Distance traveled by goods train = speed * time = 10t
Distance traveled by express train = ut + 1/2at^2 = 1/2at^2
u = 0 (express train starts from rest) and t cancels:
1/2at = 10
at = 20 (acceleration = 0.5)
t = 40s
Answer is D
Q11:
The collision is inelastic. Masses are added on the RHS:
m1v1 + m2v2 = (m1 +m2)v
v2 = 0, so:
2 * 3 = (2 + 1) v
v = 2
KE lost = Initial KE - Final KE = 0.5m1v1^2 - 0.5(m1 + m2)v^1/2
= 0.5*2*3^2 - 0.5*3*2^2 = 3 J
Answer is D
Q16:
Since the tension T in the cable alone is countering the other forces to keep the trapdoor in equilibrium, it is the largest. The only option with T being maximum is C, so the answer is C.
Q17:
v = (2gh)^1/2
HEIGHT IS 0.72 NOT 0.8! Measure from the base of the ball. Diameter is 0.08. We have to subtract that.

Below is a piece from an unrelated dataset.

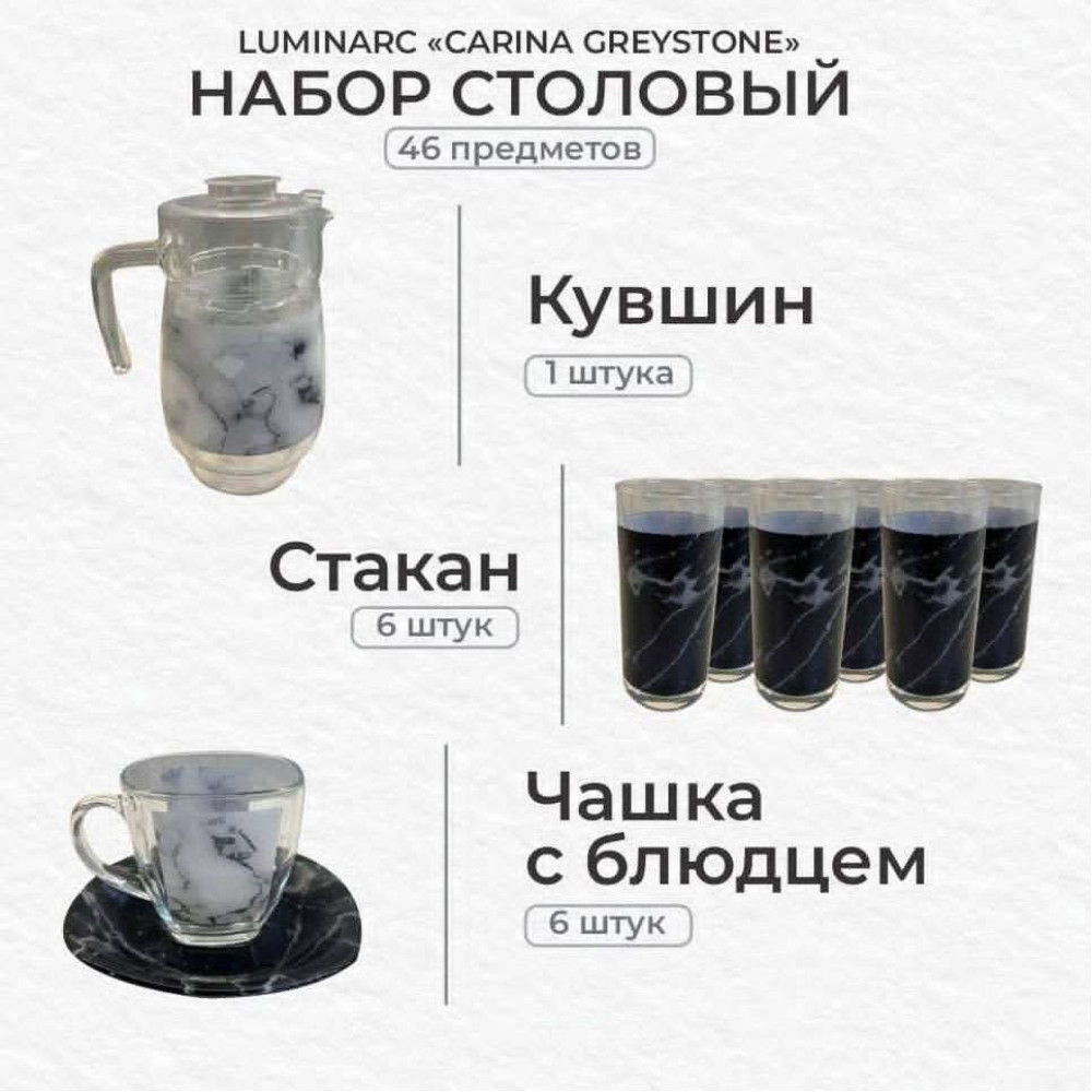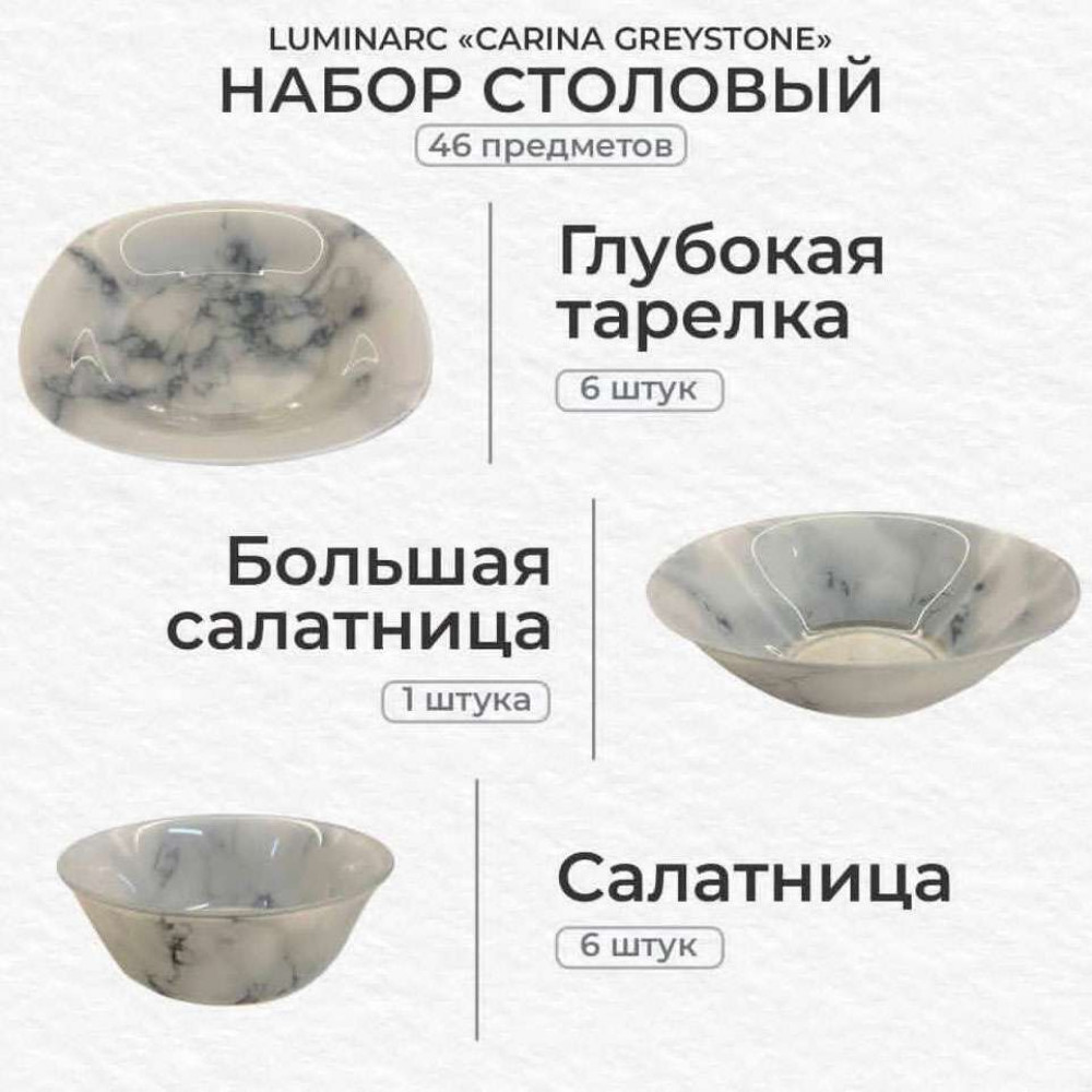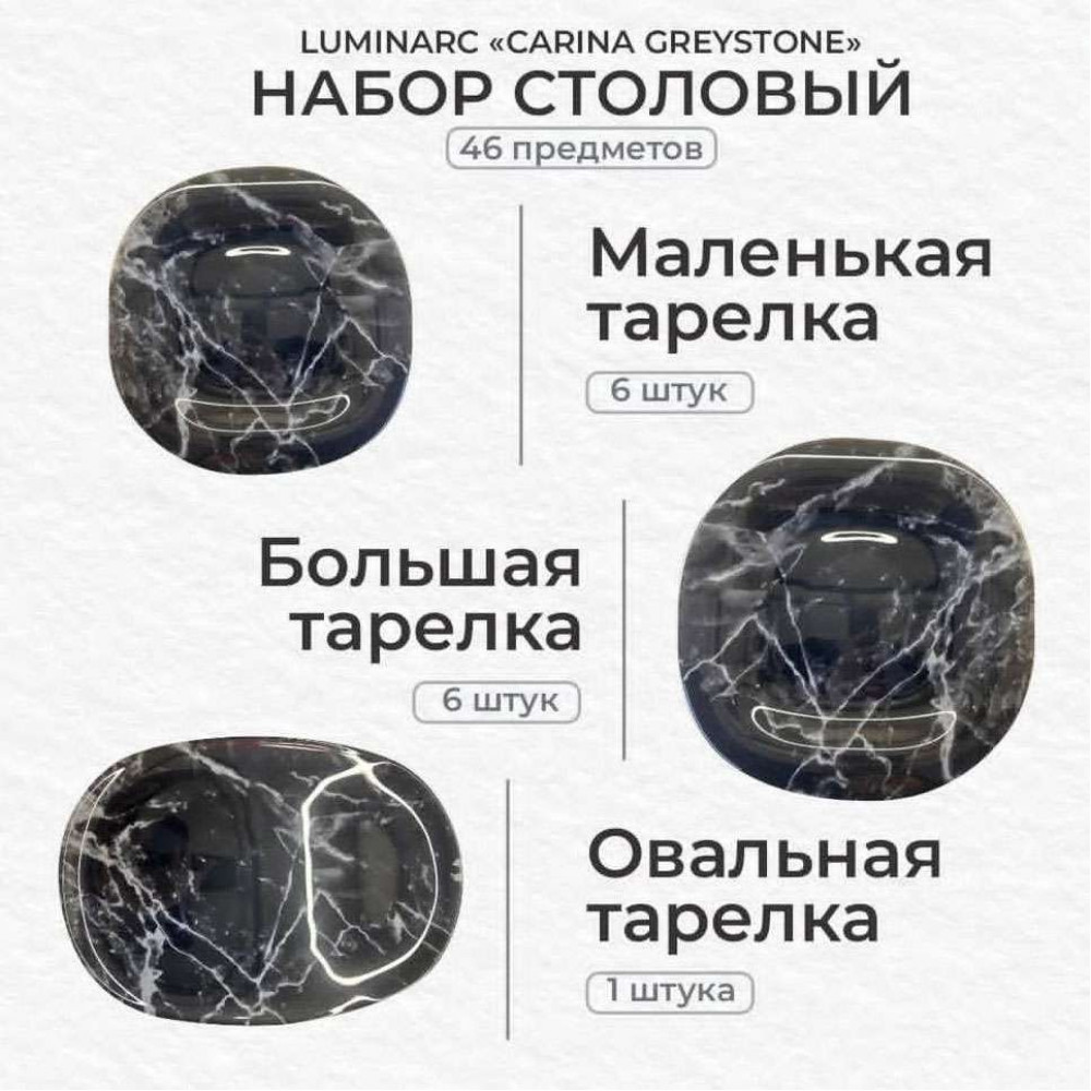Tarelka nabor 46 bölek Luminarc Carina Greystone V9325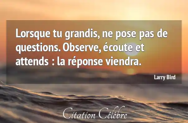 Lorsque tu grandis, ne pose pas de questions. Observe, écoute et attends : la réponse viendra.

Use 1/2mv^2 = initial KE to calculate mass.
u = (2gh)^1/2
Again, height is 0.45-0.08 m.
KE after impact = 1/2mu^2 = 0.39 J
Answer is C
Q18:
P = E/t
P = (1/2mv^2)/t [m = density p * volume V]
P = (1/2pVv^2)/t [Vol = Area A * length s]
P = (1/2pAlv^2)/t [l/t = speed v]
P = 1/2Alv^3
Substitute values, Answer is B.
ummm. Question number 35 too please.